One has to wonder if there was a way to structure the deal so that Cusick brought the claim in his own name, such that the Court would have let it survive. I defended a case like that a few years ago in Rhode Island and the Court denied our motion for summary judgment (different issues, different grounds, but the structure underlying the claim was similar).

Monday, March 14, 2005

Useful Anti-SLAPP Case

In a decision dated March 11, 2005, the Massachusetts Court of Appeals held that:

(1) An attorney can invoke the anti-SLAPP statute against claims based upon protected petitioning activities s/he undertook on behalf of a client; and
(2) Communications made for the purpose of trying to settle the underlying dispute are protected by the anti-SLAPP statute.

Plante v.
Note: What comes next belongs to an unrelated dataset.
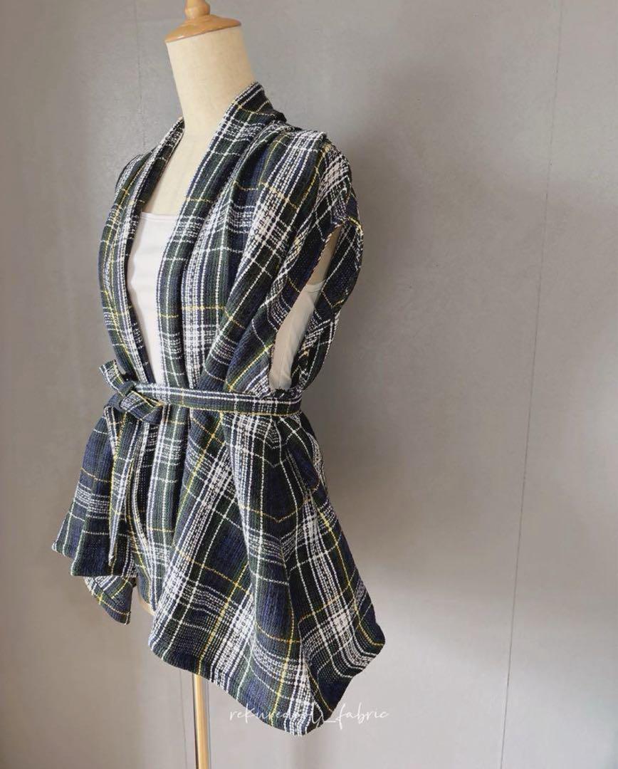 ★水通しする事により、繊維が多少柔らかい風合いになり、製作事例のようにショール風ジレやリネンのチクチク感が多少ありますので、インナーを着て、軽アウター等最適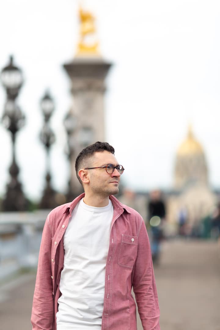 Je propose des séances photo au Pont Alexandre III et accueille à la fois de nouveaux clients et des clients récurrents.

Wylie, Mass. Ct. App. Docket No. 03-P-1122 (March 11, 2005).

Wednesday, March 09, 2005

Some Interesting Recent Massachusetts Decisions . . .

Buduo Contractors Corp. v. Ventura, 2005 Mass. Super LEXIS 10 (Feb. 4, 2005): The court grants summary judgment on the basis of res judicata/claim preclusion, based on the denial of a motion to amend the complaint in a prior action, because the court reached the merits in denying the motion to amend.
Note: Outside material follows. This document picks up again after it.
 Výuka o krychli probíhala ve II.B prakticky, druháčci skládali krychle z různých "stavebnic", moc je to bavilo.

Williams v. Massachusetts Mut. Life Ins. Co., 2005 U.S. Dist. LEXIS 1555 (D. Mass. Feb. 2, 2005): The court denies a motion to compel discovery, in which the plaintiff sought to have the defendant companies' hard drives searched for e-mail. The Court found that the plaintiff had offered no evidence, only speculation, to support his claim that the defendants had failed to produce all responsive documents -- "the inquiring party must present at least some reliable information that the opposing party's representations are misleading or substantively inaccurate."
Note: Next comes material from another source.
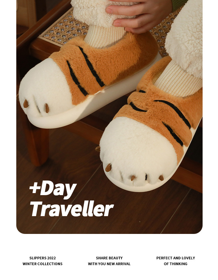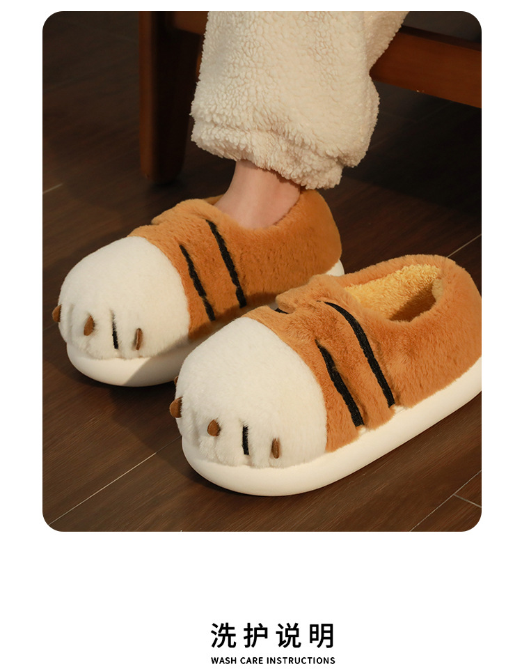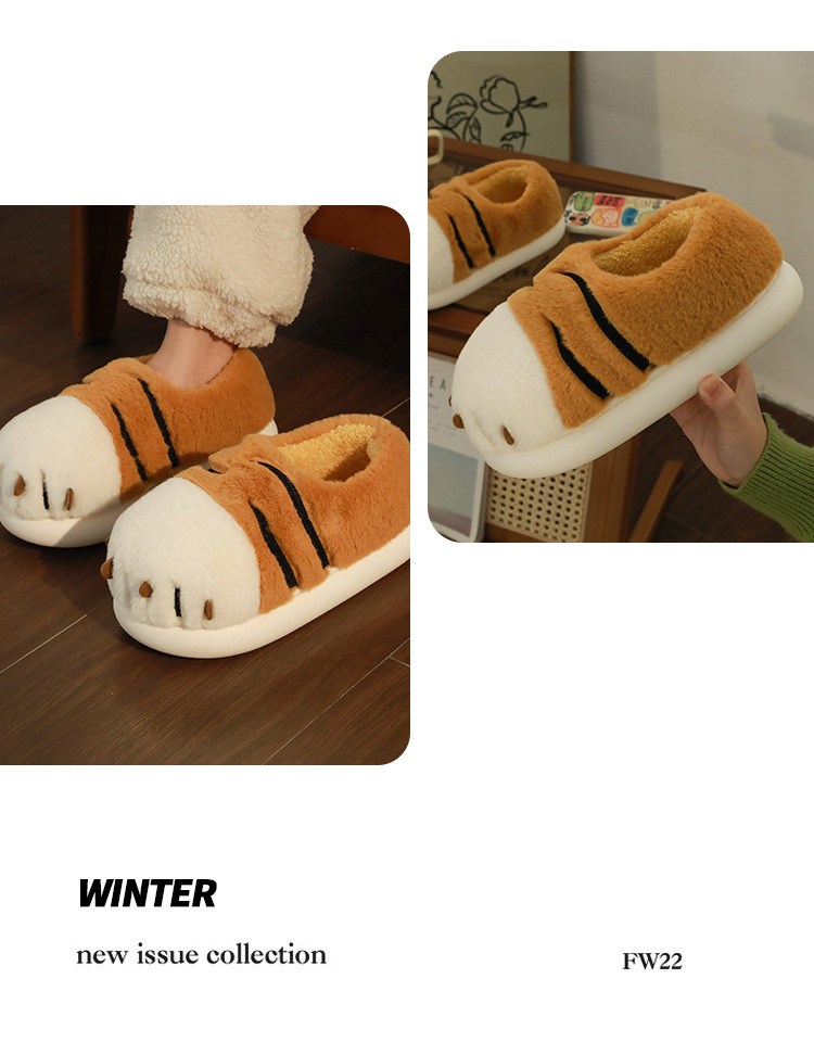 Tigre garra algodón zapatillas de invierno las mujeres bolsa talón lindo hogar interior inferior grueso felpa confinamiento pareja algodón zapatos desgaste exterior los hombres

BPR Group Limited Partnership v. Bendetson, 2005 Mass. Super. LEXIS 1 (Jan. 3, 2005). The court grants defendants' motions for summary judgment, and declines to dissolve joint ventures where to do so would contravene the joint venture agreements.

Gabriel v. Preble, 396 F.3d 10 (1st Cir. 2005). Diversity jurisdiction destroyed in derivative action, where corporation was a necessary party, and was hostile to the plaintiff, such that it should be aligned with the defendants for diversity analysis.

Lordi v. Lordi, 443 Mass. 1006 (2005). The court grants a petition to reform a trust, but "caution[s] litigations and attorneys . . . that cases such as this should not be brought lightly. . . . Wher a record contains insufficient proof, parties should expect their request for reformation to be denied."